Curtis won $1.116 million and a two-year tour exemption.
"You think you're just staying positive and not worried about it, but I think deep down, you realize all the hard work you put in that, you know, finally paid off," said Curtis, who led after the third round.
Huh roared back with 69, but the Mayakoba Classic winner fell just short of completing what would have been an impressive comeback.
Huh nearly withdrew Thursday when he plunged to 5 over through his first three holes and finished with 77. But he rebounded with rounds of 68 and 67.
Four blown putts from 9 feet or closer, including a 6-footer for birdie, kept Every (71) a stroke back until Curtis birdied No. 18.
It was nonetheless a validating week for the 28-year-old former Gator from Daytona Beach, whose only name recognition in three winless years on tour is mainly from a misdemeanor marijuana arrest as a rookie in 2010, which earned him a tour suspension.
"A little bummed out," Every said of his finish. "Kind of a pillow fight there for a while between the three of us."
Curtis wasn't the only emotional player on No. 18. Scott Piercy walked to the final hole tied for fourth at 5 under but walked off snapping his putter in half with two furious strikes over his knee. That was after the tour journeyman quadruple bogeyed, finishing the round at par and eight back.
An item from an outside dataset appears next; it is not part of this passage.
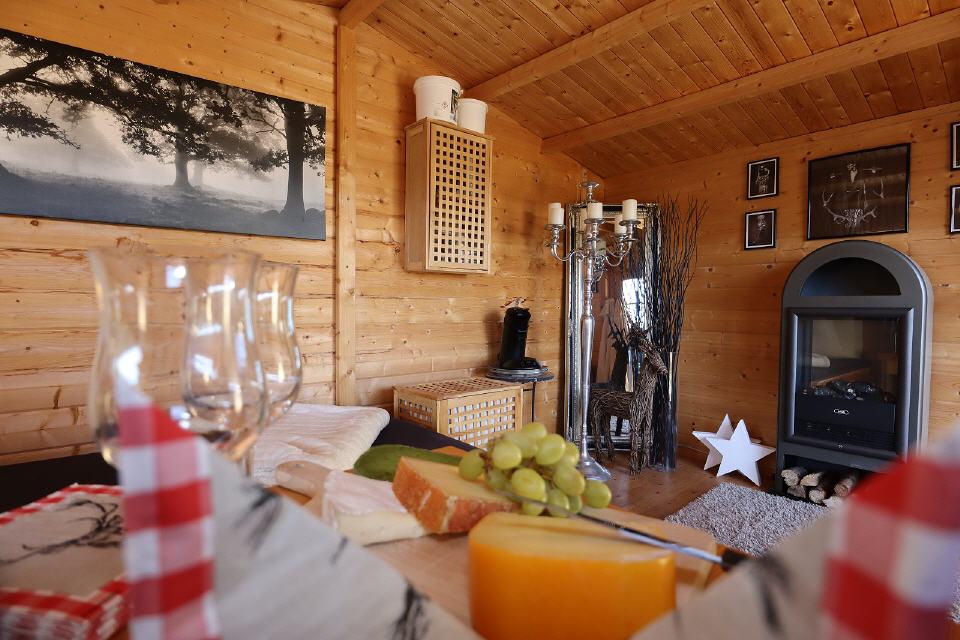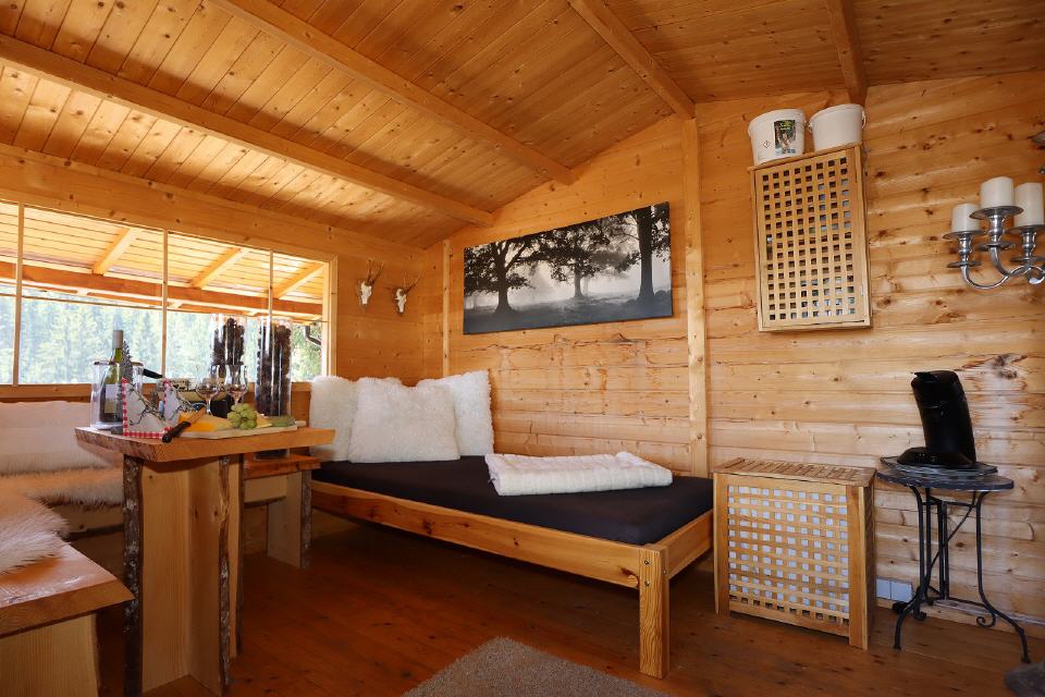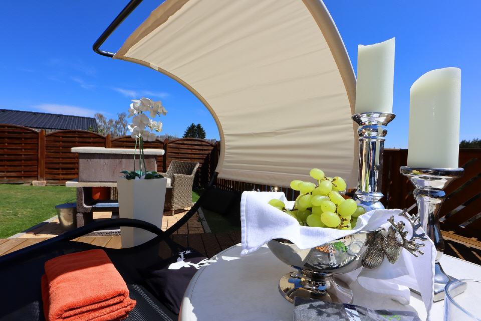 im Garten Wellnesshütte mit Musik und schöner Beleuchtung

Champions: David Frost and Michael Allen shot a better-ball 10-under 62 for 29-under 187 and a one-stroke win over John Cook and Joey Sindelar in the Legends of Golf at Savannah, Ga. Three teams tied for third at 27 under: Andy Bean and Chien Soon Lu (62), Jeff Sluman and Brad Faxon (63), and Tom Purtzer and Brad Bryant (64). Allen won the 2009 Senior PGA Championship, then went winless in 40 consecutive events until winning the Encompass Insurance Pro-Am at TPC Tampa Bay last week. "I've never won two real tournaments in a row in my life," he said. "Now I know my kids will jump all over me and tell me how great I am."